Разъезд татар, спускавшийся с холма, заметил их. Нукеры, привстав в седлах, поворотили коней и быстро поскакали в их сторону.
– Борза уходим! Этого мунгита на коня. И его тоже, – поколебавшись, приказал Подгол, кивнув на Александра.
Вдвоем они быстро взвалили на коней нукера и постепенно пришедшего в себя Александра и стали двигаться к броду. Татары были уже близко. Это был дозорный арбан.
– Сможем ли газнути, Подгол? – закричал Дмитр. – Или тута заразимся?
Он уже успел расчехлить саадак одного из монгол и достал лук.
До реки оставалось метров двадцать, не более, но и татарские конники приближались быстро. Беглецы уже слышали их гортанные крики и храп коней.
– Давай, давай! Хорошо, что выжлецов у них нет, уйдем. Неужто всуе мы в дозор ходили? А ну, борзо, борзо, чтоб тебя! – кричал Подгол, подгоняя коня ударами руки.
Шу-ух, просвистела в воздухе стрела и воткнулась в березу, стоящую справа впереди них на самом берегу.
– Эх, не уйдем, Подгол! – Дмитр изо всех сил тянул коня за узду.
– Уйдем, не сумневайся.
Шу-ух, вторая стрела, задела левое плечо Александра и вырвав кусок кожи и мышцы, прошла навылет. Третья стрела вонзилась Дмитру в рамо и, не задев кости, вышла спереди, чуть выше ключицы. Вода возле него сразу окрасилась в красный цвет.
– Ах, ах, вельзевул! – закричал Подгол. – Держись, Дмитр!
Они уже вступили в залавок, и до противоположного берега оставалось каких-то пятьдесят метров. А там небольшой крутой подъем – и спасительный лес. Беглецы были на середине реки, почти по грудь в воде, когда татары достигли берега. Десница встала, и они были видны, как на ладони. Монголы осадили разгоряченных коней и спешились.
Трое нукеров, не спеша, спустились к самой воде и, достав из саадков стрелы, начали оперять их. Они одновременно подняли луки. До беглецов было рукой подать, и гибель их казалась неминуемой.
– Ныряй, Дмитр! – закричал Подгол. – Ныряй шибче!
Шу-ух! Стрелы пропели над их головами, и трое татар, не успев спустить тетивы, повалились лицами в Вожу.
– Лады. Я среднего, Андрей ошуюю, Василий одесного. Потяти! – скомандовал десятский Михаил Брагин.
Вж-ж-жик! Три стрелы вновь разорвали утреннюю тишину. Потревоженная стая гусей взмыла в воздух. Еще трое стоящих на берегу татар замертво повалились на землю. Оставшиеся четверо быстро вскочили на коней и, поворотив их, поскакали прочь.
Подгол, Дмитр, Александр и пленный татарин благополучно переправились на противоположный берег Вожи и по крутому склону поднялись к ожидавшим их товарищам.
– Ох, и горазд ты судьбу искусити, Подгол! – проворчал десятский, с удивлением разглядывая Александра. – А это кто?
– Не ведаю я. Гарип какой-то, – ответил Подгол. – В кустах отыскали.
– Ну, и на кой ляд ты его притянул сюда? Что нам с ним делать?
– Так ведь крест на груди у него... Не оставлять же душу крещеную бусурманам. Может быть, он русич или алан...
– Эх, Подгол, давно мы с ябетником не баяли. Не было нам печали. Лады. Но надо же его одеть хоть в рубище, не везти же нагим.
Подгол приложил к ране Александра лист подорожника и закрепил его тонким прочным стеблем осоки.
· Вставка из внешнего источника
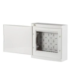 Rozdzielnica natynkowa, In 63A; wytrzymałość na żar dla obudowy wynosząca 650°C, mogą być stosowane wyłącznie na powierzchniach niepalnych; IK07, IP30.

– Василий, Алексей, – позвал десятский воев, – камору княжескую поставьте вон на том высоком холме, – Михаил Брагин указал на огромный пень, возвышавшийся на холме у опушки. – Борзо, брезг вот-вот наступит. Да и гарипа этого оденет кто-нибудь или он так и будет нагим сидеть?
– А то!.. Окрест баб не видать. Пусть ходит, – засмеялся Алексей. – Ну ты, мунгит, – он сильно пнул татарина, сидящего на корточках, ногой в живот, – снимай портки шибко и терлик заодно, – Алексей начал стягивать с татарина расшитый бисером кафтан.
Бурундай не сопротивлялся. Он лишь презрительно кривил тонкие губы и крутил бритой головой.
– Эй ты, надежа-воин, оставь амоната, не тронь его, я тебе грю! Ты, что ль, его добыл? – Подгол плечом резко оттолкнул Алексея, да так, что тот чуть было не упал, попятившись и зацепившись за корягу.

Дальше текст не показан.